Delivery Hero-owned Glovo has reached a settlement with Morocco’s Competition Council, agreeing to significant changes in its business practices to end an investigation into alleged abuse of its dominant market position.
In a decision announced on July 24, 2025, the council approved a settlement agreement that requires Glovo to pay an undisclosed financial penalty and adhere to a strict set of commitments. The move terminates litigation proceedings that began over a year ago and scrutinised the company’s powerful role in the country’s digital food delivery market.

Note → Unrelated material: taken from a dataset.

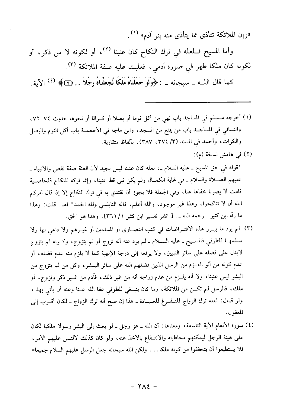 (3) لم يرد ما يبرر هذه الافتراضات في كتب النصارى أو المسلمين أو غيرهم ولا داعي لها ولا نسلمها للطوفي فالمسيح- عليه السلام- لم يرد عنه أنه تزوج أو لم يتزوج، وكونه لم يتزوج لا يدل على فضله على سائر النبيين، ولا يرفعه إلى درجة الإلهية كما لا يلزم منه عدم فضله، أو عدم كونه من أولو العزم من الرسل الذين فضلهم الله على سائر البشر، وكل من لم يتزوج من البشر ليس عنينا، ولا أنه يلزم من عدم زواجه أنه من غير ذلك، فآدم من غير ذكر وتزوج، أو ملك، فالرسل لم تكن من الملائكة، وما كان ينبغي للطوفي عفا الله عنا وعنه أن يأتي بهذا، ولو قال: لعله ترك الزواج للتفرغ للعبادة- هذا إن صح أنه ترك الزواج- لكان أقرب إلى المعقول.

The settlement comes just days after Glovo’s delivery drivers staged protests in Casablanca over pay and working conditions, highlighting the multiple pressures facing the company in one of its key North African markets.
The Terms of the Deal
Following a formal investigation that began in February 2024, Moroccan regulators presented Glovo with grievances alleging it had engaged in anti-competitive behaviour. The council cited practices that abused the company’s dominant position and fostered an “economic dependence” among its restaurant partners.
To avoid a harsher ruling, Glovo requested and was granted a settlement procedure in June 2025. The key commitments, which will now be mandatory and monitored by the council, include:
- Ending Exclusivity: Glovo must remove all exclusivity clauses from its contracts with restaurants and cafes. This applies to both new and existing partners, who will be free to work with competing platforms without penalty or commission increases.

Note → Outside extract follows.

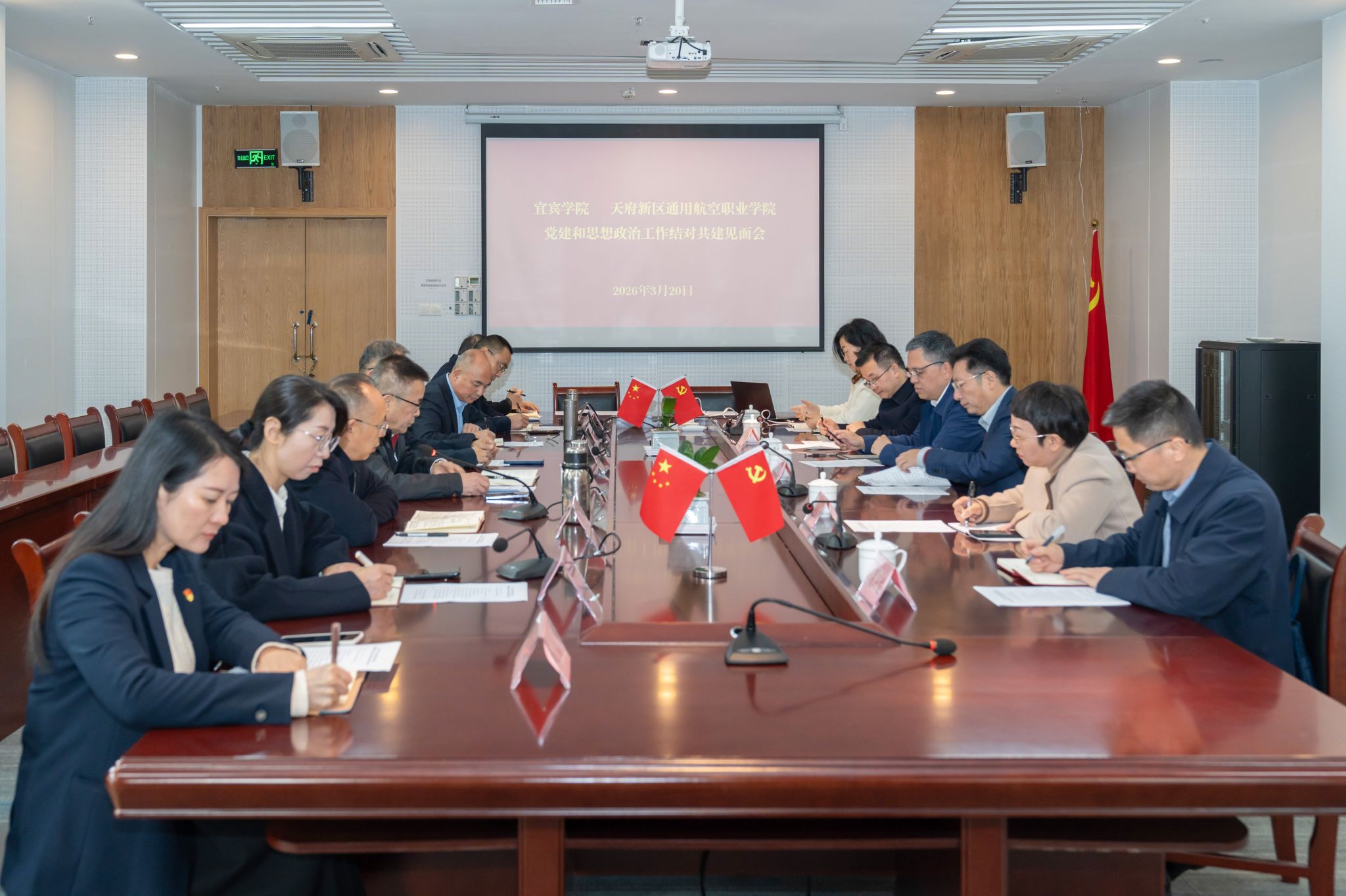 宜宾学院党委书记马洪江率队出席,党委常委、党委组织部部长杨波,党政办、继续教育学院、马克思主义学院等部门主要负责人参加。天府新区通用航空职业学院校党委书记徐诗勤,党委副书记、校长马继刚,执行校长陈晓辉,党委副书记、副校长聂彩林,纪委书记、副校长齐静静等出席会议,会议由聂彩林主持。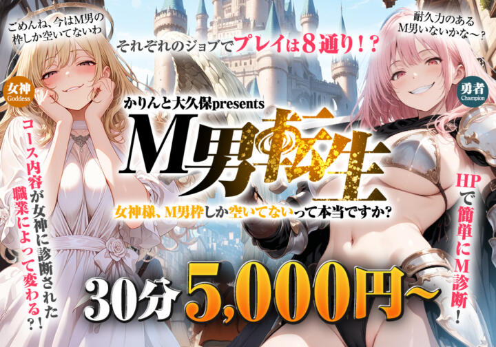 ※本コースご予約の際は、『M男転生コース』とお伝えいただき、転生結果をお知らせください。

- Capping Commissions: The company will cap its commission rate at 30%. Any existing contracts with higher rates must be adjusted.
- Platform Transparency: Glovo must provide partners with a clear guide explaining its ranking and visibility criteria. It has also committed to ensuring its ranking system and paid sponsorship services are based on “objective, transparent, and non-discriminatory” conditions.
- Courier Conditions: The agreement includes a set of measures aimed at ensuring “a fairer valuation of the services” performed by delivery couriers while reinforcing their status as independent workers.
- Compliance Program: Glovo is required to implement an internal competition law compliance program, complete with risk mapping and the appointment of a dedicated compliance manager.
A Company on Two Fronts
The regulatory settlement concludes a tense period for Glovo that began with a dawn raid on its Casablanca offices in late 2024. However, its troubles are not over.
On July 21, just three days before the settlement was announced, dozens of Glovo couriers protested in Casablanca, demanding fairer pay. They claim a base rate of 6 dirhams (approx. €0.55) per delivery is insufficient to cover fuel, insurance, and vehicle maintenance costs.
The protests were further inflamed by a symbolic grievance: couriers alleged the Glovo app had briefly displayed a map of Morocco that excluded its disputed southern regions, a deeply sensitive issue of national sovereignty. Glovo swiftly apologised, attributing the map to a “technical anomaly from an external provider” and affirming its “full respect for the territorial integrity of the Kingdom of Morocco.”
Reshaping the Market
The investigation was initially triggered by a complaint from local competitor Kooul, part of the ORA Technologies group. Kooul argued that Glovo was leveraging its scale to stifle local competition. For many Moroccan restaurant owners, the pressure has been palpable.
“It’s take-it-or-leave-it,” said one Casablanca-based restaurant owner who asked to remain anonymous for fear of reprisal. “If Glovo brings 80% of your online orders, can you really negotiate commissions or reject their terms?”
The settlement could now level the playing field. By removing exclusivity clauses and capping commissions, the council’s decision may give local platforms more room to compete and restaurants more bargaining power.
The episode presents a challenge to the narrative Glovo has cultivated in Morocco. The company has invested over 200 million dirhams (€18.5m) since 2018 and positioned itself as an ecosystem builder through its “Startup Lab” initiative.
While the settlement allows Glovo to move on from a costly legal battle, the company now faces the task of implementing binding reforms under the watchful eye of regulators, all while trying to mend its relationship with a discontented workforce.